Read Dan’s piece “What Do Cities Lose When They Lose Pro Sports?” which featured in Pocket’s best sports articles of 2022.

Everything Is Hyperpolitical

Anton Jäger
The Point

Recommended by Derek Robertson: “In this essay the political historian Anton Jäger proposes we’re living in an era of ‘hyper-politics,’ in which the superficial, self-obsessed ‘post-politics’ of the 1990s and 2000s have been replaced with...a superficial, self-obsessed fixation on political issues, using a handful of French novelists as his guides. Heady stuff, but worth it.”

Read Derek’s piece “‘Top Gun: Maverick’ Is America’s Cry for Help ,” which featured in Pocket’s collection of stories that lived rent-free in our heads last year.

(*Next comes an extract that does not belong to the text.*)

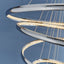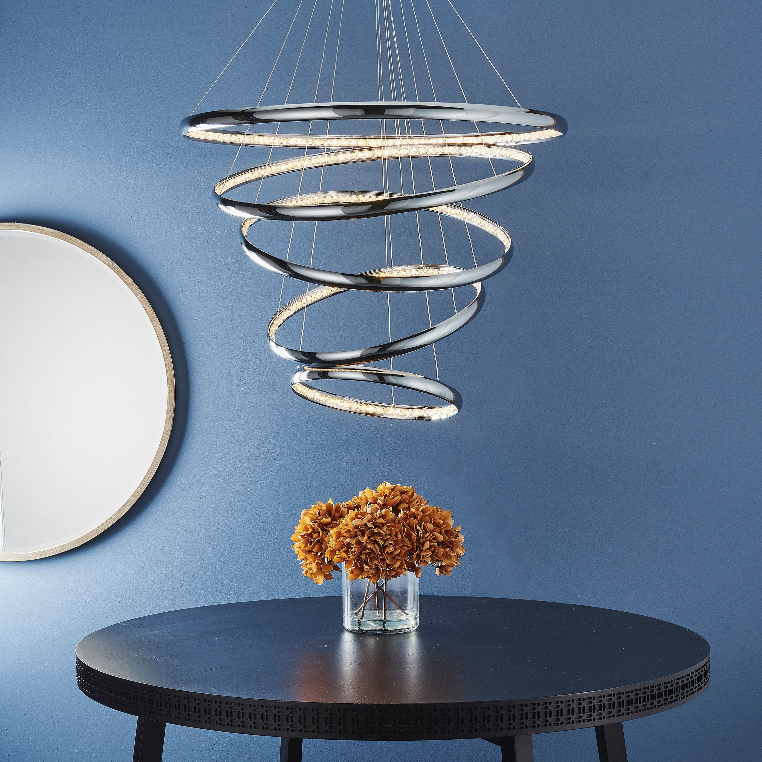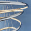 An impressive contemporary multi hoop LED pendant. Polished chrome concentric circles enclose clear crystals that diffuse the integrated LED light, creating a stunning modern design. Delicately suspended from height adjustable clear cables.
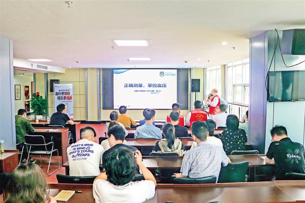 本網(wǎng)訊(記者 翟本榮/文 吳單/圖)5月17日是第20個(gè)世界高血壓日,當(dāng)天上午,安康日?qǐng)?bào)社邀請(qǐng)市中醫(yī)醫(yī)院高新分院相關(guān)專家,來(lái)單位開展“有效控制 健康長(zhǎng)壽”高血壓及康復(fù)醫(yī)療健康科普知識(shí)專題講座。報(bào)網(wǎng)全體干部職工70余人參加。

To Patients, Herpes Can Be Devastating. To Many Doctors, It’s Not a Priority.

Dani Blum
The New York Times

Recommended by Hope Reese: “It was so refreshing to read something about the incredibly common—yet highly stigmatized and misunderstood—condition of living with herpes. There are few pieces that address the psychological affects of this particular diagnosis, and it was a brave to tackle this subject from this perspective.”

Read Hope’s piece “A Neurologist’s Tips to Protect Your Memory” which was one of Pocket’s most read articles in 2022.

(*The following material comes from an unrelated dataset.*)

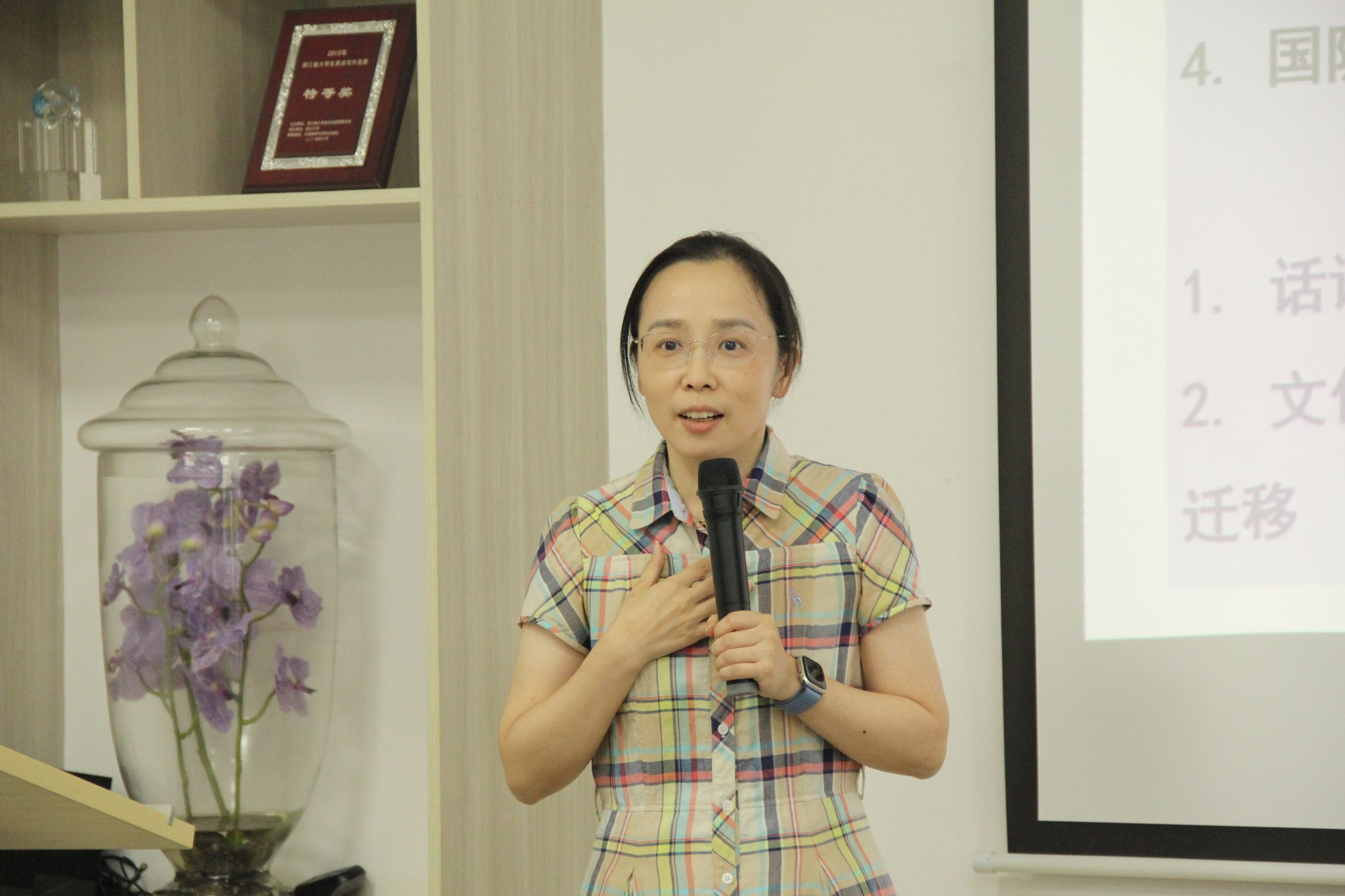 伊迎老师以“文化场域下的话语研究”为题分享暑期参加第五届“文化话语研究”高级研修班的心得体会,传递前沿的学术理念。她指出,人类交际是一个由不同话语体系所组成的多元统一体,任何话语都无法与其文化场域割裂开来。通过人权事业话语、贸易纠纷话语、城市发展话语、国家安全话语等案例分析,研究如何运用文化话语范式看生活中的话语具有非常重要的意义。

“Revolutionary” Housing: How Colleges Aim to Support Formerly Incarcerated Students

Gail Cornwall
The Nation

Recommended by the author: “With a change to federal financial aid eligibility policy, a wave of formerly incarcerated students is likely to arrive on college campuses across the U.S. A significant percentage of them will face such substantial barriers that they won’t return for a second semester. That’s a loss for society, for formerly incarcerated individuals, and for the college communities to which they would otherwise have made valuable contributions.”

Read “Stop Venting! It Doesn’t Work.” by Gail and Juli Fraga which featured in Pocket’s best great advice articles of 2022.